George (Paul Rudd) and Linda (Jennifer Aniston) are the typical tech-addicted New York power couple, until George unceremoniously loses his job and with it his ability to support Linda, whose penguins-with-cancer documentary was just turned down by HBO. They head for Atlanta, where George’s obnoxious brother Rick (Ken Marino, who co-wrote with Wain) has a data-entry job for him that mostly involves constant, belligerent humiliation. En route, they spend one night getting stoned and playing the didgeridoo at Elysium, a commune (or rather, an “intentional community”) in the woods. When George finally cracks and refuses to stay at Rick’s, they return to Elysium, where Seth (Justin Theroux, hilarious) and the rest of the “family” welcome them with open arms. When Linda starts to take to Elysium better than George, though, they’re forced to face their own issues in comparison to what seems to be a blissfully happy collective.

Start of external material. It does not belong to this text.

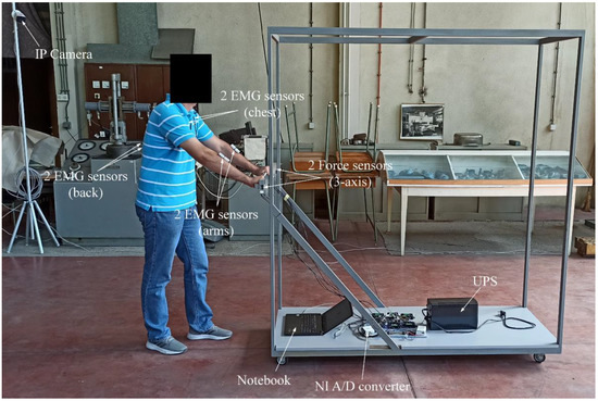 Studying the safety of repetitive physical tasks is of great importance as their non-ergonomic execution has been reported as a major cause of work-related musculoskeletal disorders. In this study, we presented a dedicated acquisition system with the purpose of assessing the safety of P&P of an industrial handcart. The system integrated two three-axis force sensors (placed on the left and right arm) and six EMG electrodes (placed on latissimus dorsi, pectoralis major, and flexor carpi ulnaris muscles). The study included a total of 20 male individuals without previous workplace injuries who were instructed to perform P&P over the complex path of ~30 m (ten repetitions). Detailed quantitative analysis was performed in two subgroups, Group 1 (without high psychological scores of stress, depression, anxiety, and apathy; without pain syndromes of the upper extremity; and without limited mobility of the thoracolumbar spine) and Group 2 (with high scores of stress, depression, anxiety, or apathy; with pain syndromes of the upper extremity; and with limited mobility of the thoracolumbar spine). The analysis of the acquired signal included the computation of ten force parameters (for both left and right side), one EMG parameter (for three different muscles, both left and right side), and three time-domain parameters. Out of all the parameters, the force parameter, integral values, and the EMG parameter, MAV of the left latissimus dorsi, were substantially different between the two groups. Specifically, the force parameter was approximately 100% and the EMG parameter was more than 400% higher in Group 2, suggesting that participants in Group 2 put significantly more effort into the same task. Moreover, the MAV of the left and right sides had similar values in Group 2, which was not the case for Group 1, implying different muscle activation patterns and that subjects in Group 2 conducted the task more symmetrically and carefully than those in Group 1. We can conclude that psychological factors and pain syndromes of the upper limb muscles have a significant impact on P&P safety and probably also on the risk of WMSD. Accordingly, future research on this topic will be directed towards considering more industrial workplaces and muscle groups, as well as incorporating computer vision algorithms for pose analysis (or alternative visual systems, such as [38]) and EEG sensor data for monitoring brain activities during working hours [39]. Additionally, innovative methods such as the use of brain–computer interface (BCI), EEG-based attention test with CPT and TOVA, and eye-tracking systems could be helpful to further examine attention levels [40,41,42,43]. To enhance safety, industrial workplaces of the future will rely on the integration of new industry 4.0 technologies: Safety 4.0 [44,45], Quality 4.0 [46], Logistics 4.0 [47], and collaborative robotics, especially from the perspective of ergonomics [48] and neuroergonomics [49].

Wanderlust benefits from a murderer’s row of talented comedians in virtually every role. Rudd, who’s found an entire second career in the past decade, is consistently hysterical as the uptight George. He’s the perfect representative for the current generation, envious at first of the carefree hippies around him but unable to fully let go of the modern life he loves, mostly because he’s hooked on it. Even more entertaining is Aniston, who’s been liberated in Hollywood by letting her freak flag fly here and in last year’s Horrible Bosses. Most of the film’s best moments come from the two bouncing off the other residents, among them Joe Lo Truglio as an oenophile nudist and Malin Akerman giving her best turn in some time as the free-loving Eve. (An extended cameo involving a wacky, three-piece-suited news crew is a highlight for any longtime Wain fans.)

Although there are consistent laughs here, Wanderlust’s commitment to plot stops it from entering the higher ranks of recent comedies. There are far too many moving pieces for a movie that finds its rhythm in simply bouncing its characters off each other, and one main character’s ultimate sinister intentions come off as an unnecessary letdown. There’s also not too much to the film, which poses a simplified version of the already oversimplified thesis on display in last year’s Midnight in Paris, namely that running away is fun but you can’t do it forever and it’s best to just remember the lesson. A serious dose of strange outside of the fairly rote peyote trip sequence halfway through would’ve gone a long way in Wanderlust. For as funny as the film gets at its peaks, it’s hard to sense any feelings of genuine liberation for a movie about free living.